A constrained drag is a drag whose path is limited to a straight line up, down, left, right, or at 45-degree angles regardless of what path the user might take the mouse. Usually, the Shift meta-key is used, but this convention varies from program to program. Constrained drags are extremely helpful in drawing programs, particularly when drawing neatly organized diagrams. The predominant motion of the first few millimeters of the drag determines the angle of the drag. If the user begins dragging on a predominantly horizontal axis, for example, the drag will henceforth be constrained to the horizontal axis. Some programs interpret constraints differently, letting the user shift angles in mid-drag by dragging the mouse across a threshold.

The Paint program that comes with Windows doesn't constrain drags when moving an object around, but it does constrain the drawing of a few shapes, like lines and circles. Most drawing programs (like PowerPoint) that treat their graphics as objects instead of bits (as Paint does) allow constrained drags, and more sophisticated paint applications like Adobe Photoshop support the constrained drag idiom.

The use of meta-keys gives rise to a curious question: Where in the drag does the meta-key become meaningful? In other words, must the meta-key be held down when the drag begins — when the mouse button descends — or is it merely necessary for the meta-key to be pressed at some point during the drag? Or must the meta-key remain pressed at the time the user releases the mouse button? The best answer is this: The user should be able to switch to and receive visual feedback of constrained drag by pressing the meta-key at any time after he starts to drag. If he lets go of the meta-key during the drag, it reverts to unconstrained drag. Finally, if the computer detects that the meta-key is held down at the instant when the mouse button is released, the constrained drag is confirmed. This is true in PowerPoint and Paint, for example.

In an interesting bit-drawing variant, Paint also allows drag constraints in its pencil tool; any time the meta-key is held down during dragging, the constraint affects what is drawn during the drag. Mouse-up stops the flow of digital ink.

3D object manipulation

Working with precision on three-dimensional objects presents considerable interaction challenges for users equipped with 2D input devices and displays. Some of the most interesting research in UI design involves trying to develop better paradigms for 3D input and control. So far, however, there seem to be no real revolutions, but merely evolutions of 2D idioms extended into the world of 3D.

Most 3D applications are concerned either with precision drafting (for example, architectural CAD) or with 3D animation. When models are being created, animation presents problems similar to those of drafting. An additional layer of complexity is added, however, in making these models move and change over time. Often, animators create models in specialized applications and then load these models into different animation tools.

There is such a depth of information about 3D-manipulation idioms that an entire chapter or even an entire book could be written about them.
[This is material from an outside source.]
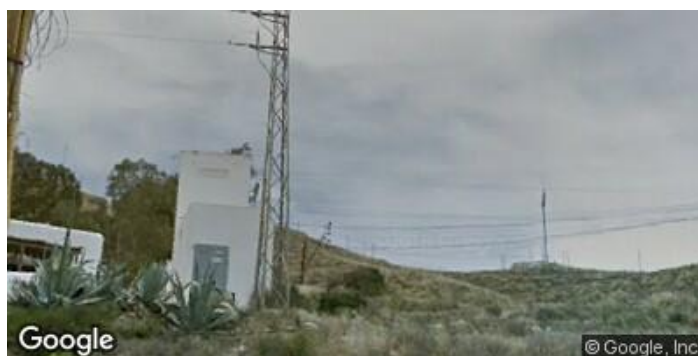
Acceso a camino desde Glorieta

We will thus briefly address some of the broader issues of 3D object manipulation.

DISPLAY ISSUES AND IDIOMS

Perhaps the most significant issue in 3D interaction on a 2D screen is that surrounding lack of parallax, the binocular ability to perceive depth. Without resorting to expensive, esoteric goggle peripherals, designers are left with a small bag of tricks with which to conquer this problem. Another important issue is one of occlusion: near objects obscuring far objects. These navigational issues, along with some of the input issues discussed in the next section, are probably a large part of the reason virtual reality hasn't yet become the GUI of the future.
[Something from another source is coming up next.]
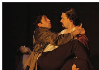
Peripécia Teatro cerró la muestra el 30 de noviembre con la obra "Novecientos, el pianista del océano"

MULTIPLE VIEWPOINTS Use of multiple viewpoints is perhaps the oldest method of dealing with both of these issues, but it is, in many ways, the least effective from an interaction standpoint. Nonetheless, most 3D modeling applications present multiple views on the screen, each displaying the same object or scene from a different angle. Typically, there is a top view, a front view, and a side view, each aligned on an absolute axis, which can be zoomed in or out. There is also usually a fourth view, an orthographic or perspective projection of the scene, the precise parameters of which can be adjusted by the user. When these views are provided in completely separate windows, each with its own frame and controls, this idiom becomes quite cumbersome: Windows invariably overlap each other, getting in each other's way, and valuable screen real estate is squandered with repetitive controls and window frames. A better approach is to use a multipane window that permits 1-, 2-, 3-, and 4-pane configurations (the 3-pane configuration has one big pane and 2 smaller panes). Configuration of these views should be as close to single-click actions as possible, using a toolbar or keyboard shortcut.

The shortcoming of multiple viewpoint displays is that they require the user to look in several places at the same time to figure out the position of an object. Forcing the user to locate something in a complex scene by looking at it from the top, side, and front, and then expecting him to triangulate in his head in real-time is a bit much to expect, even from modeling whizzes. Nonetheless, multiple viewpoints are helpful for precisely aligning objects along a particular axis.

BASELINE GRIDS, DEPTHCUEING, SHADOWS, AND POLES Baseline grids, depthcueing, shadows, and poles are idioms that help to get around some of the problems created by multiple viewpoints. The idea behind these idioms is to allow users to successfully perceive the location and movement of objects in a 3D scene projected in an orthographic or perspective view.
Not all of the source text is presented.